Au-delà de l’habitat, le projet intègre des équipements publics et commerciaux destinés à dynamiser le quartier. Trois locaux commerciaux seront installés en pied d’immeuble. Surtout, la Villa Trianon accueillera une nouvelle médiathèque de 2 500 m². L’agence A26, en charge de la réalisation de la coque de cet équipement, a imaginé une large façade vitrée et un parvis conçu comme une extension de l’espace public. L’objectif est d’ouvrir le lieu sur la ville pour en faire un catalyseur d’interactions sociales.
Une architecture inspirée par la nature
L’identité visuelle du projet puise son inspiration dans le patrimoine vert de la commune, célèbre pour sa Roseraie. L’écriture architecturale privilégie les lignes épurées et l’utilisation de la courbe, un geste esthétique voulu comme un écho à la nature environnante. Les concepteurs ont porté une attention particulière à la continuité entre le bâti et le végétal, notamment à travers le traitement des façades et le choix des matériaux.
La végétation n’est pas seulement décorative mais structurelle. Elle s’étendra des jardins en pied d’immeuble jusqu’aux toitures végétalisées, avec en point d’orgue un jardin central paysager « à la française » conçu par l’agence Land’Act. Cette approche bioclimatique vise à lutter contre les îlots de chaleur urbains tout en offrant un environnement apaisé aux résidents.
Densité et bien-être
Pour les architectes, le défi consistait à marier densité urbaine et qualité résidentielle. « Notre objectif était de concilier densité urbaine et cadre de vie, en concevant un projet où le bâti et la nature coexistent en parfaite symbiose. Nous avons notamment veillé à proposer de nombreuses percées visuelles pour créer un dialogue constant entre l’intérieur et l’extérieur », explique Elliott Laffitte, président de l’agence d’architecture A26.

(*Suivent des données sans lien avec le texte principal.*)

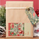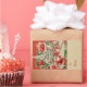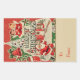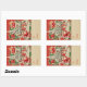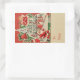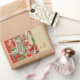 This is a charming, vintage-style Christmas sticker that features a classic holiday scene with a bright red and green color palette, including a glitter texture around the edges and on the snow. The main image shows Santa Claus kneeling in the snow in front of a red house covered in snow, with a frosted Christmas tree and a festive banner reading "MERRY CHRISTMAS". Above the scene, there is a red bell with a green bow and two sweet angel girls holding a red ornament. The bottom section is a plain tan color with designated spots for "To:" and "From:", and the tag has a blue and white string attached for tying onto a present.

L’agence A26 (https://www.a26.eu/), qui signe ce projet, est une structure multi-spécialités figurant parmi les principales agences françaises. Elle revendique une approche globale, allant de l’urbanisme au design d’intérieur, pour anticiper l’évolution des modes de vie.
Livraison échelonnée
Le calendrier prévisionnel est désormais fixé. La livraison des 199 appartements est attendue pour la fin de l’année 2027. La finalisation complète du programme, incluant les équipements annexes, est programmée pour le deuxième semestre 2028.